Catalyst - 1 Week Later
Well today marks one week since the Catalyst Conference ended. And for the third year in a row the various speakers have given me enough to ponder until Catalyst rolls around next year. After having a week to really reflect on what everyone had to say, I have decided to post a few notes from the conference along with some of my own thoughs over the next few days. Feel free to comment as you wish.
Thursday, October 12, 2006
One of My Rants on Christians Today
For lack of a better way to put it, Christians are really starting to piss me off. Now before you freak out and run away, let me explain myself. Turn on the radio, watch TBN, read large Christian blogs, or maybe even listen to what people are saying in your own church. What do you hear? Probably the same things I do. I hear hate. I know it's a harsh and bold statement but in all honesty it is true. All is see and hear anymore out of the mainstream church is a message of hate. It may be covered up and disguised with soft words and smiles but dont let that fool you. Homosexuals, Muslims, Rock Stars, Movie Stars, Democrats, what ever happened to Jesus' true message of love. Are we not called to love each other as we love ourselves? It is not our jobs to fix people, only God can do that. We are to love people. The last time I checked, pointing out what you consider to be the flaws of other people does not fall into the catagory of loving one another.
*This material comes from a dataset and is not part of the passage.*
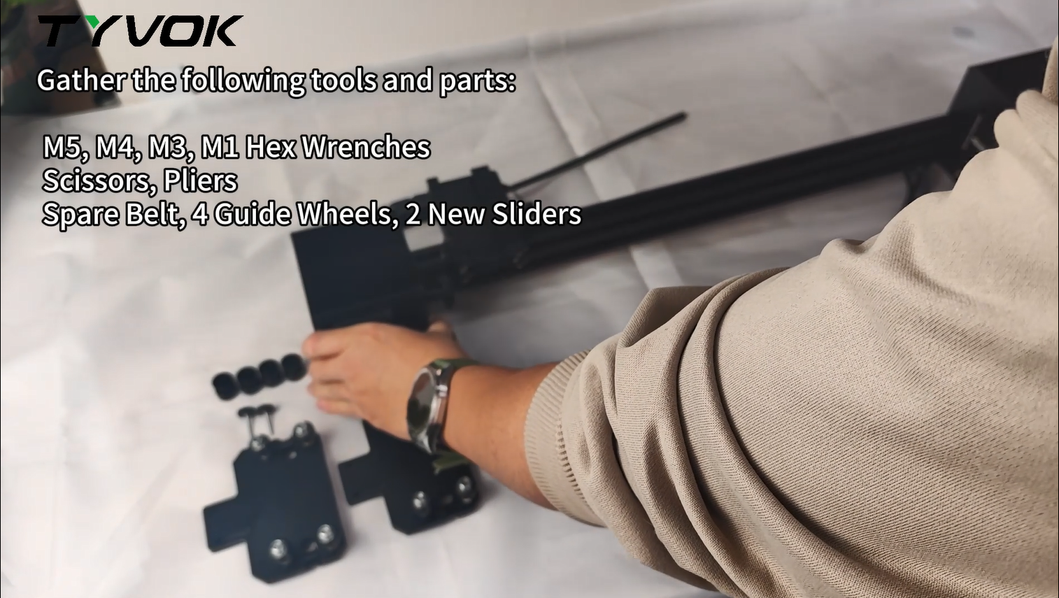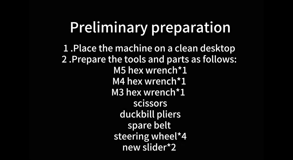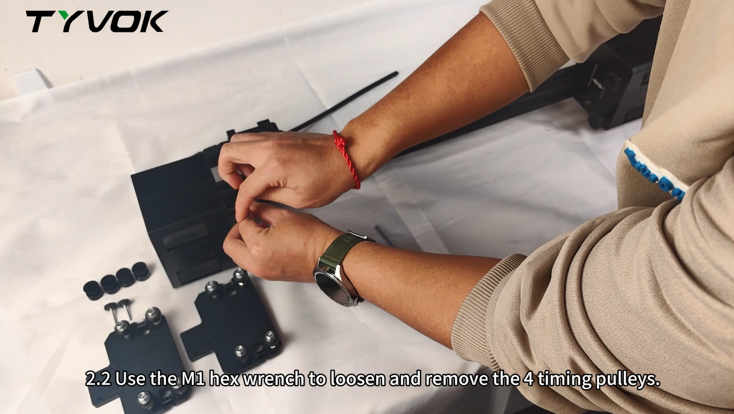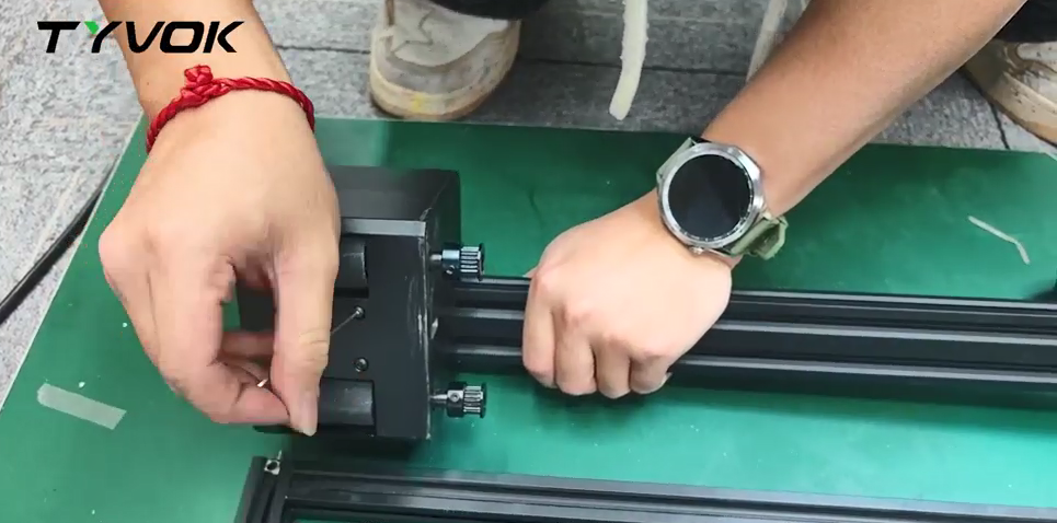 ¶ 3.2.unscrew the two belt fixing screws on the left and right sides to facilitate the subsequent installation of the slider into the Y axis on both sides
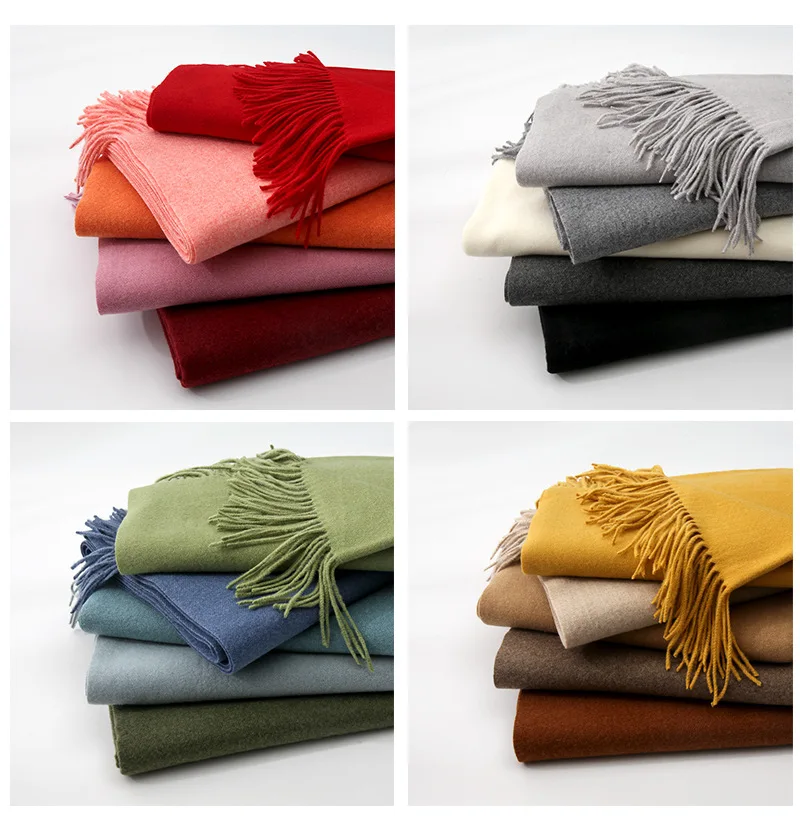 Отзывы о Женский зимний шерстяной шарф теплый модный однотонный платок с кисточками

Have you ever really noticed how we tend to classify ourselves as Christians? We see other belivers doing things that we don't do and we immediatly consider ourselves to be better Christians than those people. Lately that has really been bothering me. We all fall short in God's eyes and not one of us is any better or more clean than another. So why do we continue to judge those around us and condemn them. It is no wonder that evangelical Christians are the 3rd most hated group of people in this country behind murders and pediphiles.
I know that in my heart I am guilty of this myself but I plead with you, put aside the worldly differences, stop hating and start truly loving. God will amaze you with what he can do through your true love.